Hey everyone, this is my first build that i'm doing on the 04 Ls1 gto.... So far the only mods are SW Longtube headers,3'' magnaflow exhaust, and spectra CAI..... 

My setup is going to be a street setup but kinda unsure about what cam to go with... My comp dealer has recommended a custom cam .226/.230 .570/.573 113+4, however another option is the Comp. .227/.235 .614/.621 113A a more aggressive cam... I'll also be upgrading the valve train with new springs (double springs for aggressive cam), push rods,ls7 lifters,ls7 plastic guide trays,ls2 timing chain setup..... Also the stock ls1 heads are getting port,polished, and decked, and stock throttle body is getting ported and i'm leaving the ls6 intake alone, I also plan on getting the Svede otrcai instead of the spectra... And when its all said and done it will get dyno tuned. Keep in mind im doing this on a tighter budget hence why im doing the heads this way instead of buying a good set of 243 and different intake... 

So I guess any thought of which cam to go with?? ?I also plan on doing some mods to the trans. (A4) which so far all ive got lined up is a TR 3500 stall, and was told to do a shift kit, and servos (any advice on what kinda of shift kit and servos would be fantastic)

Like I said any advice would be greatly appreciated


----------



## B-ville Goat (Oct 5, 2008)

Is this a DD or a toy? How you use it will have a large input on which cam you go with. First one is a nice cam, second one is a big jump from the first and will have more lope to it and be a little more finicky, but if the guy tuning it is good you will be fine. The heads might hold you back a little in power though.


----------



## sufu24 (Jan 9, 2013)

I won't be using it as a DD, more like a weekend toy if the weathers nice.... 

I felt like like the 2nd cam might be a little much for what I'm doing with the car.... Thanks for the opinion.

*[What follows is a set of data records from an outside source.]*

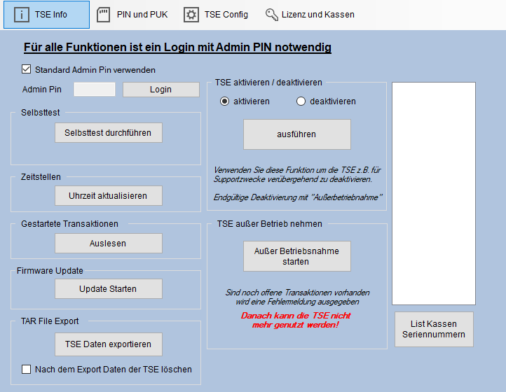Auf dieser Seite können Sie den Zustand der TSE überprüfen, diese vorübergehend deaktivieren oder endgültig außer Betrieb nehmen.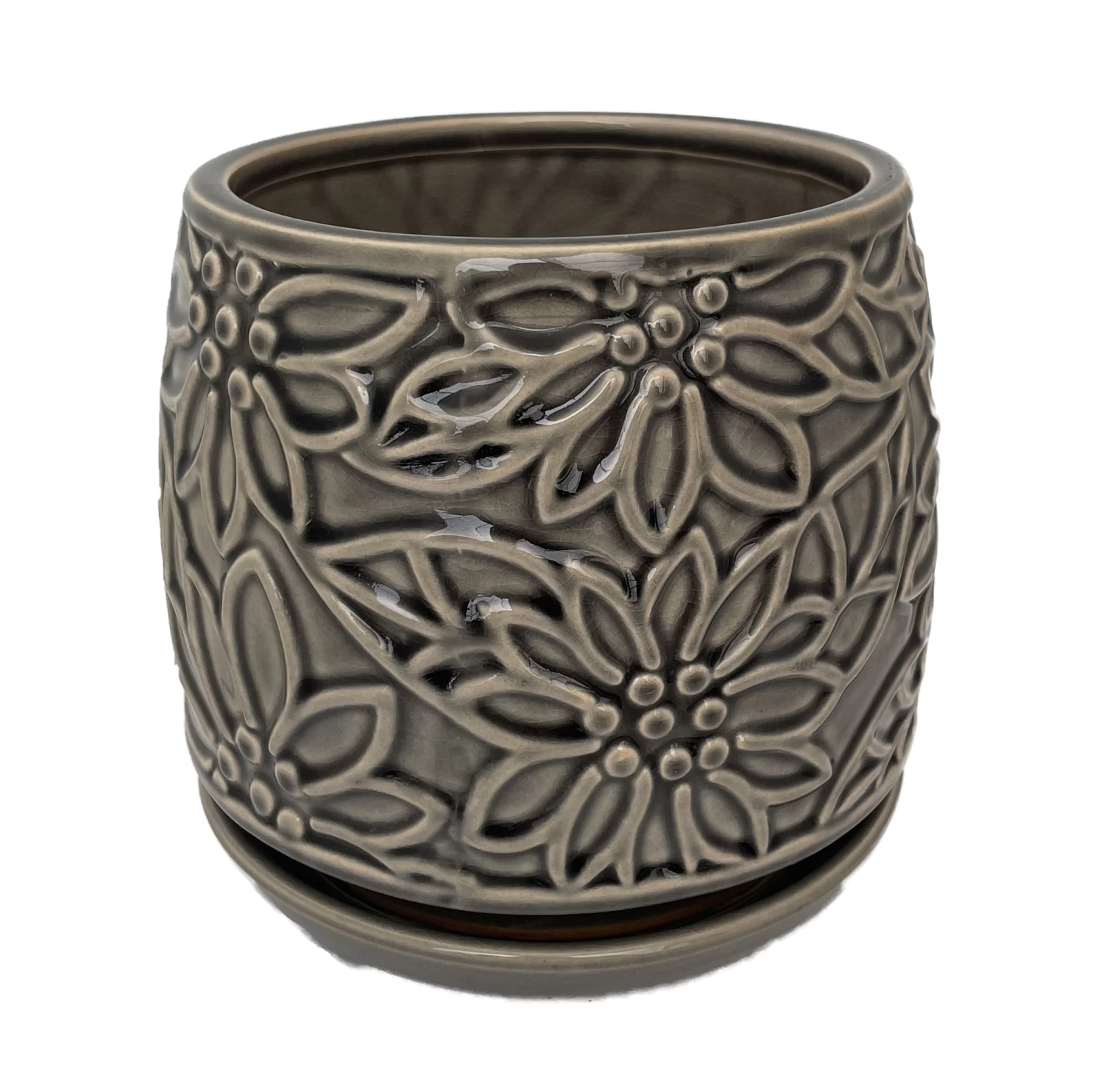 Floral textured design, glossy finish, functional pot with an attached saucer. One center drainage hole.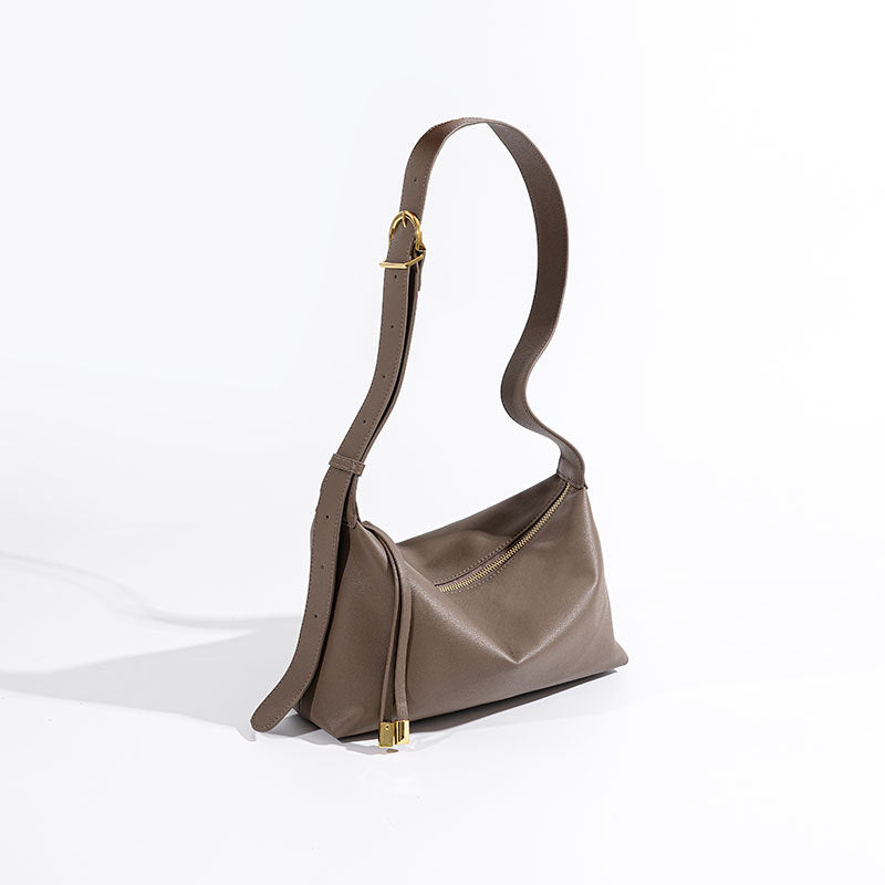 Elevate your fall wardrobe with our soft leather shoulder dumpling bag. as a crossbody or tote, this genuine leather accessory combines functionality with luxury. Ideal for commuting, its spacious design and aesthetics make it a must-have for any fashion-forward individual.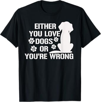 Either You Love Dogs Or You're Wrong Pet Humor Animal Lovers T-Shirt
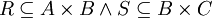 ההגדרה: [math]\displaystyle{ R \subseteq A\times B \and S \subseteq B\times C }[/math] אזי [math]\displaystyle{ (a,c)\in S \circ R \iff \exist b \in B :(a,b) \in R \and (b,c) \in S }[/math]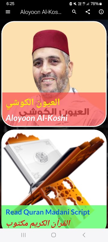 الشيخ العيون الكوشي في تلاوة للقرآن الكريم كاملا بجودة عالية وبرواية ورش عن نافع في تطبيق مميز يشتمل على مجموعة كبيرة من الوظائف الهامة كخاصية تحميل السور والاستماع الى التطبيق بدون انترنت علاوة على واجهته الانيقة والسهلة الاستعمال كما يتوفر على خصائص مشاركة التطبيق مع الغير واستعمال ملفاته كرنة هاتف أو منبه واستمرارية الاستماع لتلاوة السور في خلفية التطبيق رغم تصفح مواقع اخرى. قرأن كامل العيون الكوشي بدون نت

As for tuning it, we only have one shop that does dyno tuning and from what I've heard they do good work.


----------



## Papa Rad (Apr 30, 2012)

If its going to be more of just a nice weather weekend car, I would go with the more aggressive cam. That way limited time driving it would be that much more enjoyable :cool


----------



## danfigg (Sep 27, 2009)

*re*

Go with a cam in the 580- 590 range. Any thing after that and im hearing there will be problems with push rod lenght and valve springs. Along with the cam swap you may want to do rocker arms---danfigg


----------



## svede1212 (Nov 1, 2005)

For reliability do the Comp Cam trunnion upgrade. It's cheaper and IMHO better than the aluminum rockers that have a high breakage rate.


----------